Who are the primary users?
What are the main use cases?
What are the edge cases?
What are the read vs write patterns?

Example: Design a URL Shortener

Users:

End users (clicking shortened URLs)
API users (creating shortened URLs)
Analytics users (viewing click statistics)

Use Cases:

Create short URL: User provides long URL → System returns short URL
Redirect: User clicks short URL → System redirects to long URL
View analytics: User requests click statistics for a short URL

Read vs Write:

Write: Create short URL (low volume, ~100K/day)
Read: Redirect (high volume, ~100M/day)
Read: Analytics (medium volume, ~1M/day)

Output: List of users, use cases, and read/write patterns.

Step 3: Define Constraints

Goal: Understand the limits and boundaries of the system.

Types of constraints:

Scale: How many users? How much data?
Performance: Latency, throughput requirements
Availability: Uptime requirements (99.9%, 99.99%?)
Consistency: Strong consistency vs eventual consistency
Budget: Cost constraints
Team: Team size, expertise
Timeline: Launch date, milestones

Example: Design a URL Shortener

Constraints:

Scale:
- 100M URLs created per day
- 10B redirects per day
- URLs stored permanently (no expiration)
Performance:
- Redirect latency: < 10ms (p99)
- URL creation latency: < 100ms (p99)
Availability: 99.9% uptime
Consistency: Eventual consistency acceptable for analytics
Storage: Need to store billions of URLs

Output: Clear list of constraints with specific numbers.

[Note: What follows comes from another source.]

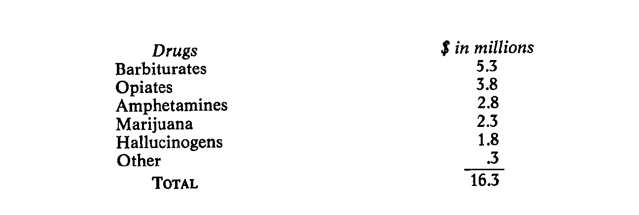 which we have figures, the distribution was as follows: Drugs $ in millions Barbiturates 5.3 Opiates 3.8 Amphetamines 2.8 Marijuana 2.3 Hallucinogens 1.8 Other .3 TOTAL 16.3 This total is higher than the total shown in Table 5-7, which notes only $15.6 million for 1970. Probably the material presented to Congress is correct, and the information in the breakdown by drugs represents preliminary estimates. Drug research draws on the disciplines of chemistry, pharmacology, sociology, psychology, psychiatry, and epidemiology, alone or in combination. There are no breakdowns by discipline, but NIMH does have a basic categorization of the areas within which it makes grants and contracts: 1. Systematic, controlled evaluation of currently promising treatment-program techniques 2. Development of treatment agents/devices for use in the treatment of drug dependence 3. Clinical studies of the effects of treatment drugs and abuse drugs 4. Surveys and instrument development to determine incidence, prevalence, and patterns of drug abuse: a. among students b. among other groups (hippies, psychiatric patients, etc.) c. New York City Narcotic Addict Register
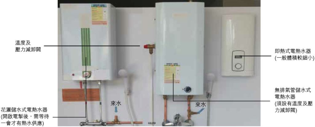市面上供家庭使用的电热水器主要有即热式、花洒储水式和无排气管储水式(又称高压型)电热水器(图五)。这些电热水器虽然已有适当的保护装置,但过往亦偶然发生涉及电热水器的事故。调查结果显示,有关事故的肇因主要是安装不当及缺乏维修。

Step 4: Functional & Non-Functional Requirements

Goal: Define what the system must do (functional) and how well it must do it (non-functional).

Functional Requirements

What the system must do:

Create short URL from long URL
Redirect short URL to long URL
Support custom aliases (optional)
Track click statistics (optional)

Non-Functional Requirements

How well the system must perform:

Latency: Redirect < 10ms, Creation < 100ms
Throughput: 10B redirects/day, 100M creations/day
Availability: 99.9% uptime
Scalability: Handle 10x growth
Reliability: No data loss
Security: Prevent abuse, rate limiting

Output: Clear list of functional and non-functional requirements.

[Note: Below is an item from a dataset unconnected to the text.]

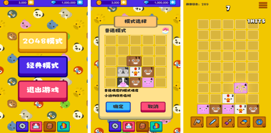 色彩缤纷的画面,从玩法上来看也和2048特别相似,只不过唯一不同的地方就是,此游戏用各种可爱的动物头像展现,开局后从上方掉落出不同的动物头像,你要合理规划,立即将这些动物的头像放在正确的位置上,只要4个相同的动物,紧紧地连接在一起,可快速消除获得相应的分数。
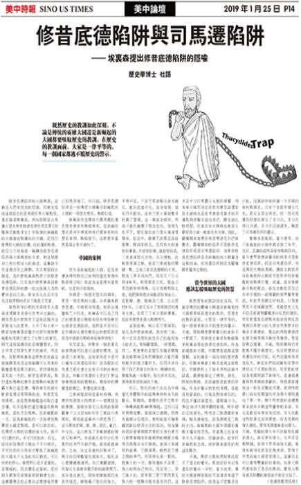既然历史的教训如此深刻,不论是传统的霸权大国还是新崛起的大国都要吸取历史的教训,在历史的教训面前,大家是一律平等的,每一个国家都逃不脱历史的警示。修昔底德陷阱和大国兴衰,是最近人们常提到的问题,而最先提出这个说法的是美国哈弗大学教授,著名学者埃里森,其内容则是古希腊大历史学家修昔底德在其名著《伯罗奔尼撒战争史》中强调的新崛起的大国会挑战传统的大国,从而引发传统大国的恐惧,由此导致战争。前些日子我写过一篇题为修昔底德陷阱与大国兴衰的文...

Step 5: Architecture Sketch

Goal: Design the high-level architecture with components and data flows.

Components to consider:

API Layer: REST API, GraphQL, gRPC
Application Layer: Business logic, services
Data Layer: Databases, caches, message queues
Infrastructure: Load balancers, CDN, monitoring

Example: Design a URL Shortener

Key Components:

URL Shortener API: Handles URL creation requests
Redirect Service: Handles redirect requests (high throughput)
Database: Stores URL mappings (sharded for scale)
Cache: Redis for fast redirects (sub-10ms latency)
Message Queue: Async processing for analytics
Analytics Service: Processes click events
Load Balancer: Distributes traffic
CDN: Serves static assets, edge caching

Data Flow:

Create URL: Client → API → Database → Return short URL
Redirect: Client → Redirect Service → Cache (hit) → Redirect
Redirect (cache miss): Client → Redirect Service → Database → Cache → Redirect
Analytics: Redirect → Message Queue → Analytics Service → Analytics DB

Output: High-level architecture diagram with components and data flows.

Step 6: Trade-offs

Goal: Evaluate the pros and cons of architectural decisions.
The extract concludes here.